» What is being asked
Transcribe, exactly and without pictures, the lines below from the line with "Pure Earth by" to the line with "在参观完现代商贸实训中心后,双方在303", both ends included, and no others.

Top of Given records

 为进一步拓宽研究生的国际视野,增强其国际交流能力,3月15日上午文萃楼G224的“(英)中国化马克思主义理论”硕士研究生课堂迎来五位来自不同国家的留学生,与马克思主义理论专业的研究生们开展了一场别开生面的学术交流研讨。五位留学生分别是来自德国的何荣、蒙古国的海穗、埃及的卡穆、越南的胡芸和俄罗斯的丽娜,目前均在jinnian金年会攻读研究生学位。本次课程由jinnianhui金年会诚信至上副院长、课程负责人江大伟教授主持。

Bottom of Given records
Top of Given records

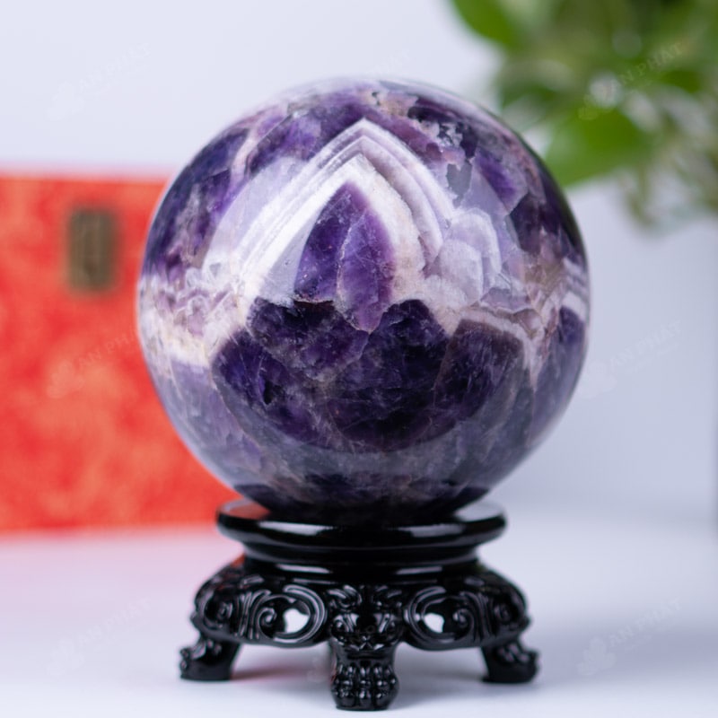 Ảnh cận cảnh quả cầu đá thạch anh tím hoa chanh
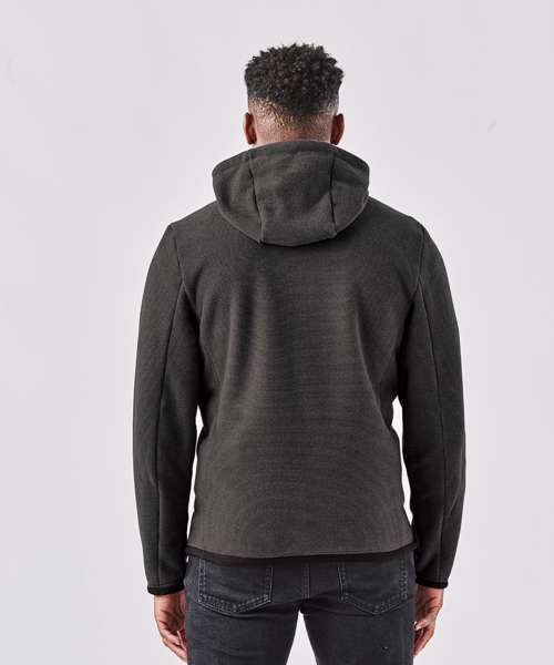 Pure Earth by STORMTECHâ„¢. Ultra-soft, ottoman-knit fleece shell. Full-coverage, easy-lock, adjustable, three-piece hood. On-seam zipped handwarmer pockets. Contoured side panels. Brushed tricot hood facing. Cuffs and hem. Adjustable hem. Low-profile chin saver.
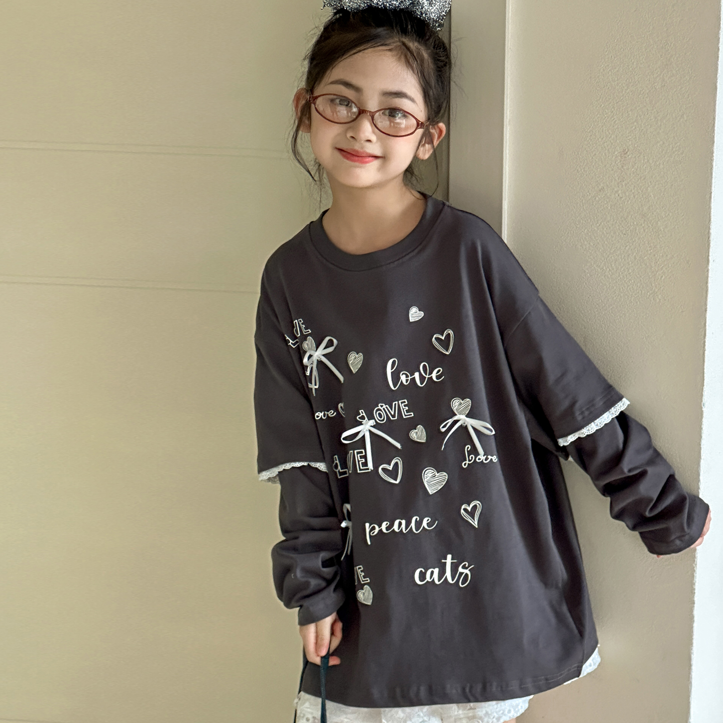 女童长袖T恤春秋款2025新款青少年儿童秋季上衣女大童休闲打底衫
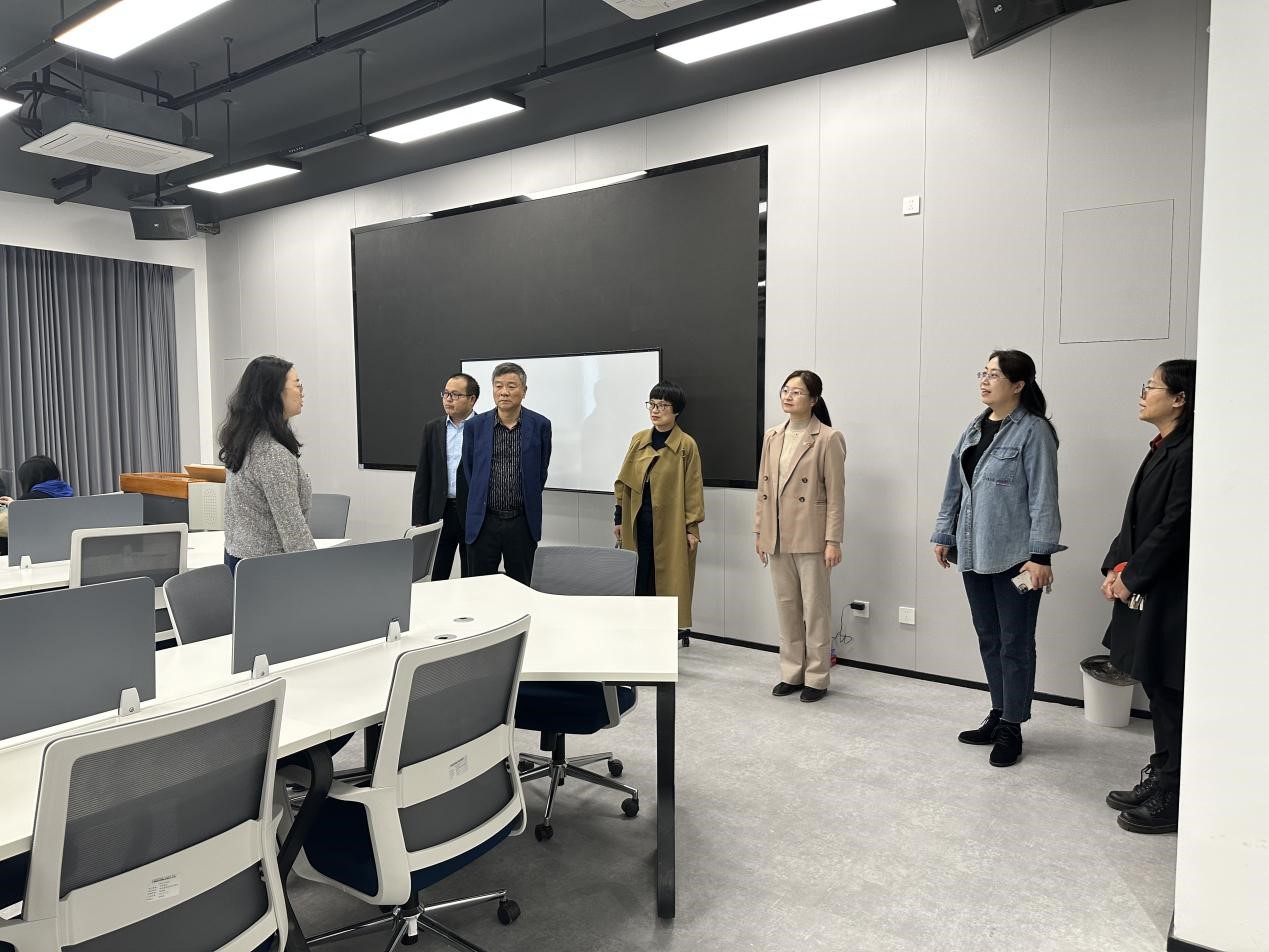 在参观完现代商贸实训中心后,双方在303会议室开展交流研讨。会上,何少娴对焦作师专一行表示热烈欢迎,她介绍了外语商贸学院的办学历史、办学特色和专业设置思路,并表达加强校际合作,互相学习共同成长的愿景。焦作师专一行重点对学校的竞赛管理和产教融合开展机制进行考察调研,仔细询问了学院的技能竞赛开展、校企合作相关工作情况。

Bottom of Given records

» Solution below
 Pure Earth by STORMTECHâ„¢. Ultra-soft, ottoman-knit fleece shell. Full-coverage, easy-lock, adjustable, three-piece hood. On-seam zipped handwarmer pockets. Contoured side panels. Brushed tricot hood facing. Cuffs and hem. Adjustable hem. Low-profile chin saver.
 女童长袖T恤春秋款2025新款青少年儿童秋季上衣女大童休闲打底衫
 在参观完现代商贸实训中心后,双方在303会议室开展交流研讨。会上,何少娴对焦作师专一行表示热烈欢迎,她介绍了外语商贸学院的办学历史、办学特色和专业设置思路,并表达加强校际合作,互相学习共同成长的愿景。焦作师专一行重点对学校的竞赛管理和产教融合开展机制进行考察调研,仔细询问了学院的技能竞赛开展、校企合作相关工作情况。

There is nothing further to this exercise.